The strongest signal corresponded to simple sulfonamide diuretics, drugs that promote the release of water from the body. Among them, furosemide – used to reduce excess body fluid caused by conditions such as heart failure, liver disease and kidney disease – was the most represented. Both frequent and constant exposure – any exposure is in contact with a drug at any time – to furosemide stood out.

A suggestive signal came from frequent exposure to drugs linked to nicotine addiction. Nicotine is the chemical in tobacco that keeps smokers from quitting. This exposure was evenly split between users of nicotine and varenicline, a therapy to help people quit smoking. Of these two drugs, only regular exposure to varenicline was associated with a lower risk of Parkinson’s.

Insulin aspart, a short-acting lab-made version of human insulin, was the most represented substance among insulin and related therapies, with only sporadic use as a signal.

Among adrenergic, adrenaline-related drugs, frequent exposure to the lung disease bronchodilator formoterol, together with the anti-inflammatory corticosteroid budesonide, generated a signal. This signal matched those already exposed to the immunosuppressive mycophenolic acid.
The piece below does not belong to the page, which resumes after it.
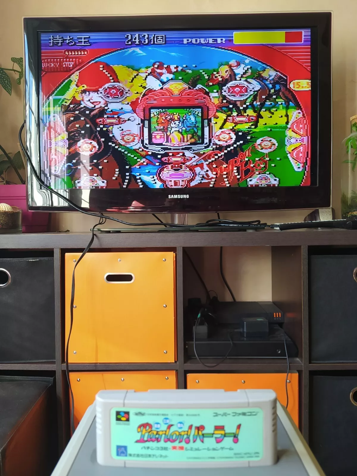 • Les graphismes sont détaillés pour une simulation de pachinko sur Super Famicom, avec des machines bien reproduites.
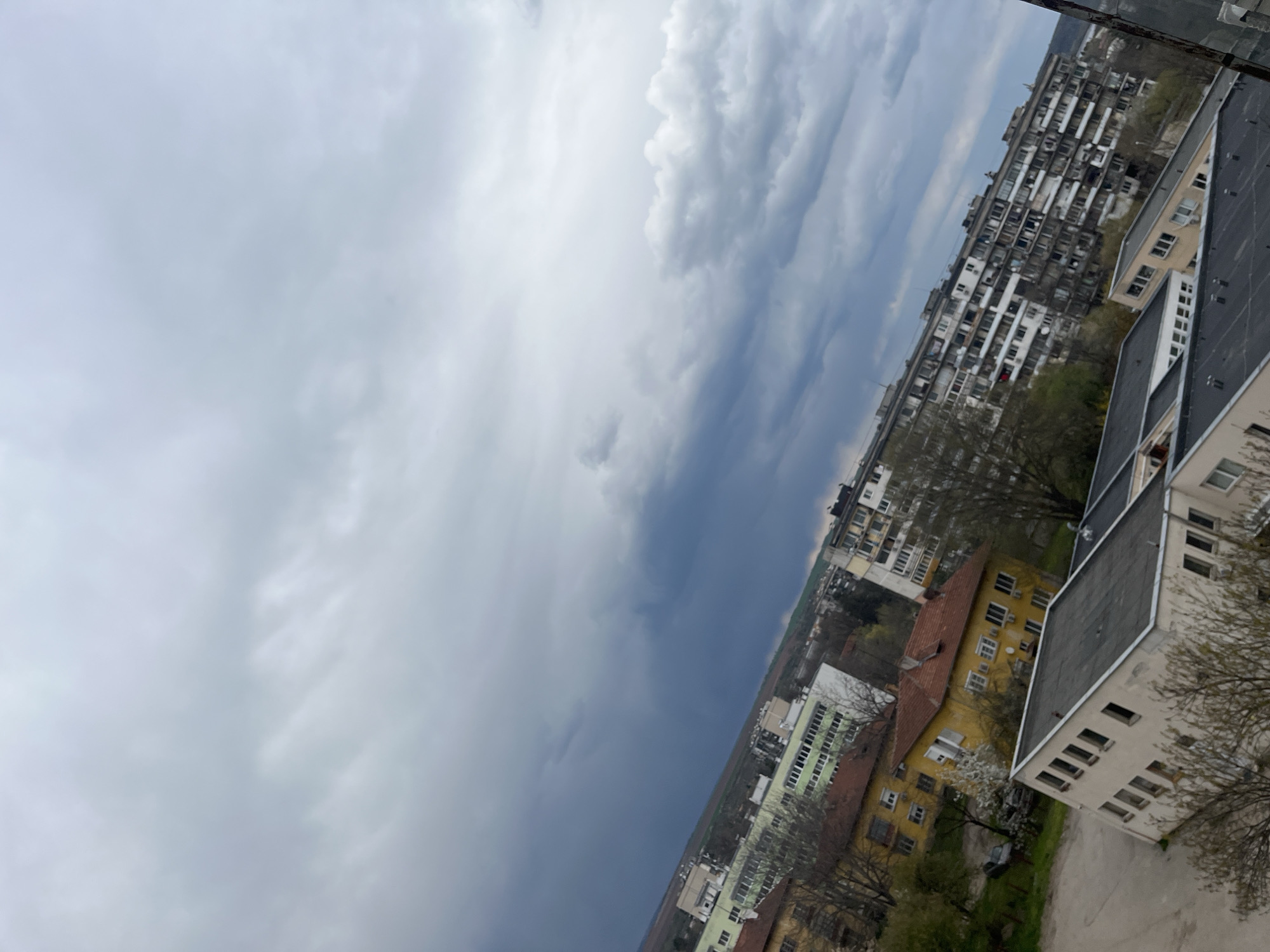 The image presents an elevated perspective of an urban landscape under an overcast sky. The sky is dominated by thick, grey clouds, suggesting an impending storm or a generally gloomy weather pattern. Below the sky, the scene is filled with buildings of varying heights and architectural styles. Several tall, multi-story apartment complexes are visible, characterized by rows of windows and simple geometric designs. A school is located in the foreground, and a few trees are seen throughout the scene, primarily in the vicinity of the buildings. The time of year is likely early spring, as the trees are just beginning to sprout new leaves. The location is unknown.

Subgroups of soft paraffins and fatty products and direct-acting muscle relaxants were also identified via machine learning, but no signals were detected for specific drugs within these classes.

Following these tests, the team refined the analysis using a more precise definition of Parkinson’s disease. Here, 29,873 patients with Parkinson’s disease and 176,395 controls were evaluated. Overall, these analyzes yielded results consistent with those of the group as a whole.

All signals identified in the primary analysis were also generated using the refined group, with the exception of insulin and related therapies. The signal for single sulfonamide diuretics, especially furosemide, was stronger compared to the primary analysis.

Two signals were regenerated for the two main treatments for nicotine dependence (nicotine and varenicline), alongside any exposure to the bromodilator tiotropium bromide and direct-acting muscle relaxants.

New signals not found in the primary analysis were identified, including medical moisturizers called emollients used to treat skin conditions, as well as anti-inflammatory drugs and non-steroids for topical use. Anticholinergics, or substances that block the action of the nerve cell signaling molecule called acetylcholine, and mucolytics – used to clear mucus from the airways – also generate a signal.

“The search for new [Parkinson’s disease] drug repositioning therapies have attracted attention given the current lack of fully satisfactory treatment options,” the researchers wrote. “We have reviewed… a large number of drugs and identified single sulfonamide diuretics as a chemical subgroup of drugs potentially inversely associated with [Parkinson’s disease] risk.”

“Our results lead to new hypotheses that deserve to be replicated and could lead to the development of new therapeutic or preventive strategies in [Parkinson’s disease]“, added the researchers.